Palmerin Posted January 27, 2014 Share Posted January 27, 2014 World War I. Would you watch a collection of movies dedicated to that calamity, from which the world might never recover? Link to comment Share on other sites More sharing options...
Dargo2 Posted January 28, 2014 Share Posted January 28, 2014 Aaah, "The war to end all wars". (...whatever became of that quaint little notion anyway?) Link to comment Share on other sites More sharing options...
roverrocks Posted January 28, 2014 Share Posted January 28, 2014 I thoroughly enjoy watching period pieces about WW1. 1914 was the literal actual beginning of the 20th Century and what has transpired in the succeeding century. WW1 triggered all the immense political movements and fallen empires that totally changed the path of world history. Our world today globally is the direct descendent of that murderous war and political carnage/revolution. Personally I would like to see a day or week devoted both to sound and silent WW1 movies. Link to comment Share on other sites More sharing options...

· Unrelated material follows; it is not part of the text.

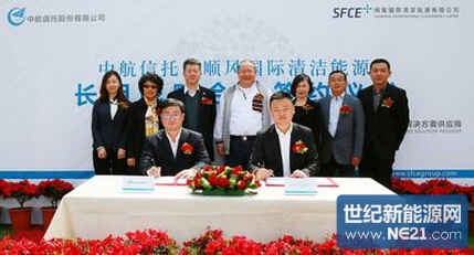 顺风国际清洁能源执行董事王宇和中航信托副总经理魏颖晖签署战略合作协议推广低碳节能的综合解决方案
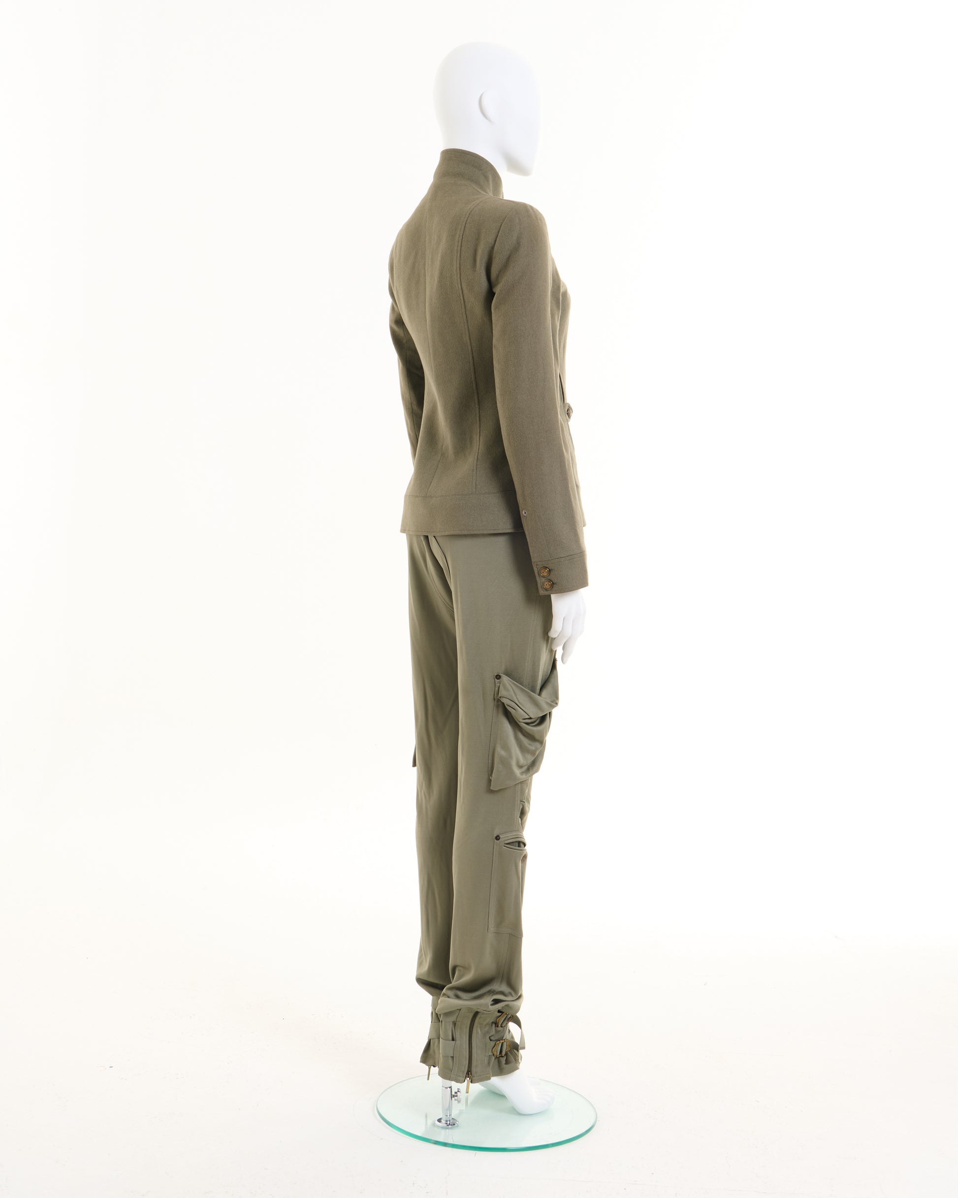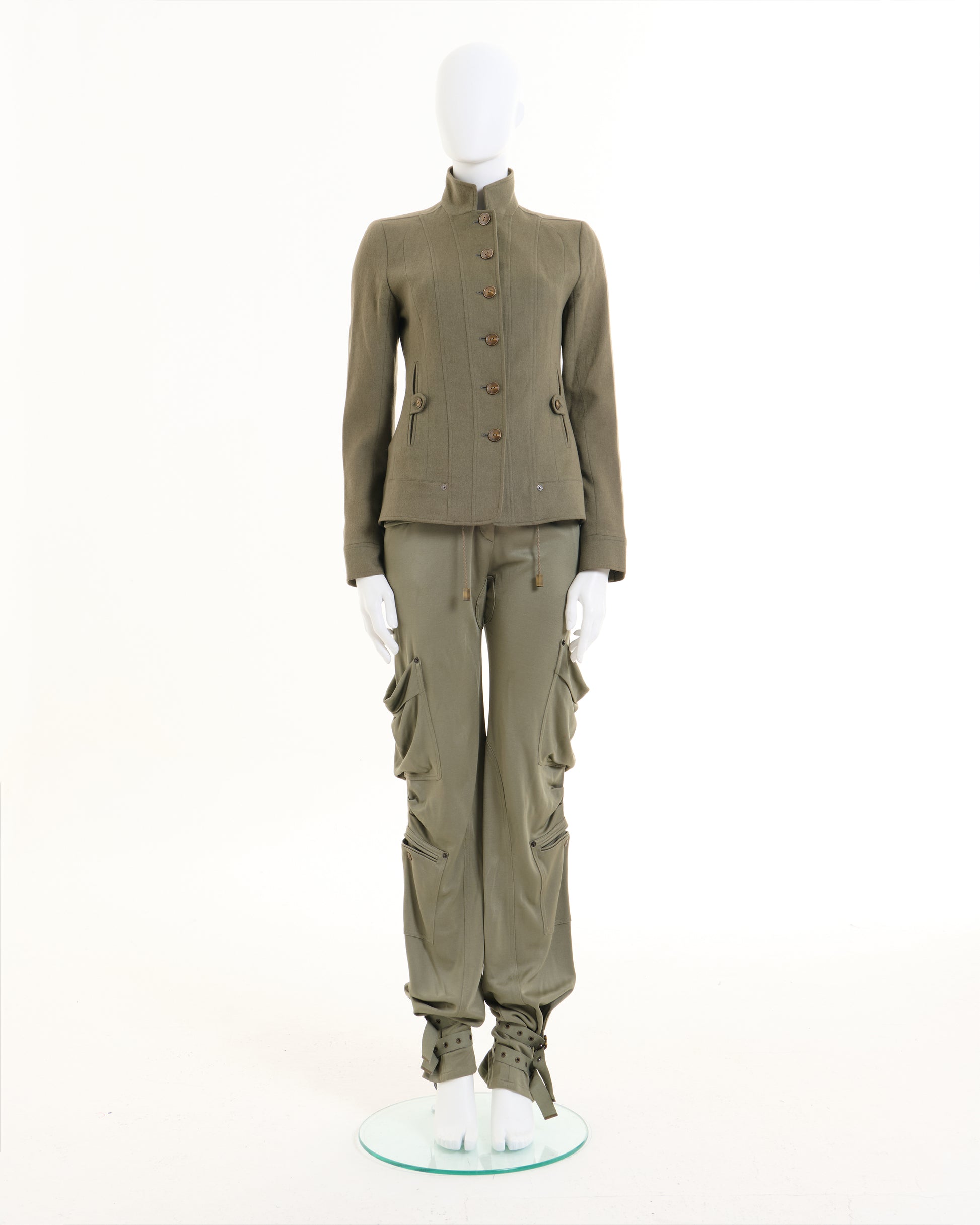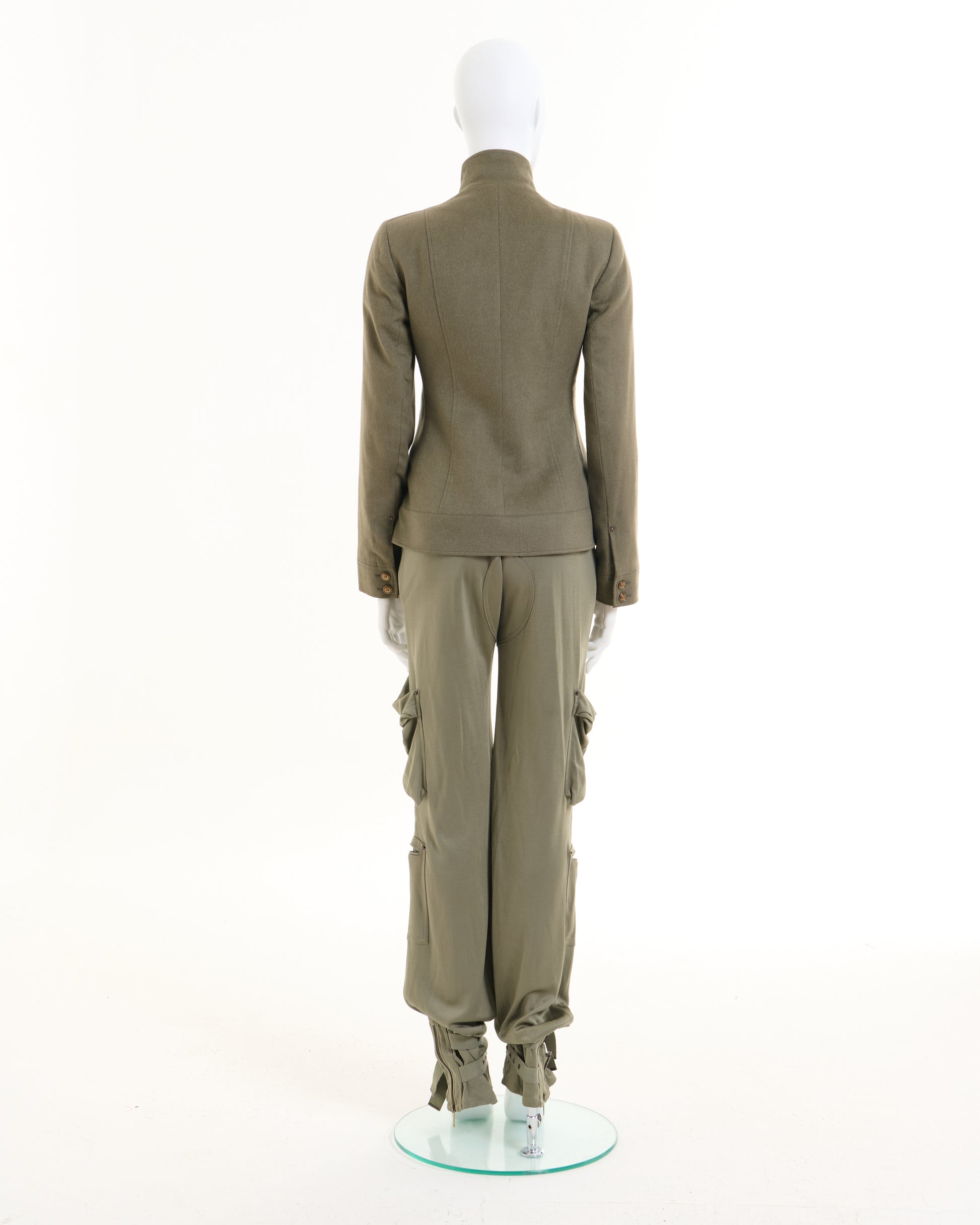 - Christian Dior Khaki Cashmere Military Jacket and Cargo Pants Set

hamradio Posted January 28, 2014 Share Posted January 28, 2014 Here are 2 TV series (documentary) about WWI "World War I" (CBS) http://www.imdb.com/title/tt0057801/ "The Great War" (BBC) http://en.wikipedia.org/wiki/The_Great_War_(documentary) Note..you will have to type _(documentary) into the address bar at the end of the website. All of "The Great War" episodes are on Youtube (I think) Episode 1...http://www.youtube.com/watch?v=fXhiagFG8KE Link to comment Share on other sites More sharing options...
hamradio Posted January 28, 2014 Share Posted January 28, 2014 Dargo2 wrote: << Aaah, "The war to end all wars". (...whatever became of that quaint little notion anyway?) >> When it dawned on everyone... There will be wars and rumors of wars . Of the past 3,400 years, humans have been entirely at peace for 268 of them, or just 8 percent of recorded history. Link to comment Share on other sites More sharing options...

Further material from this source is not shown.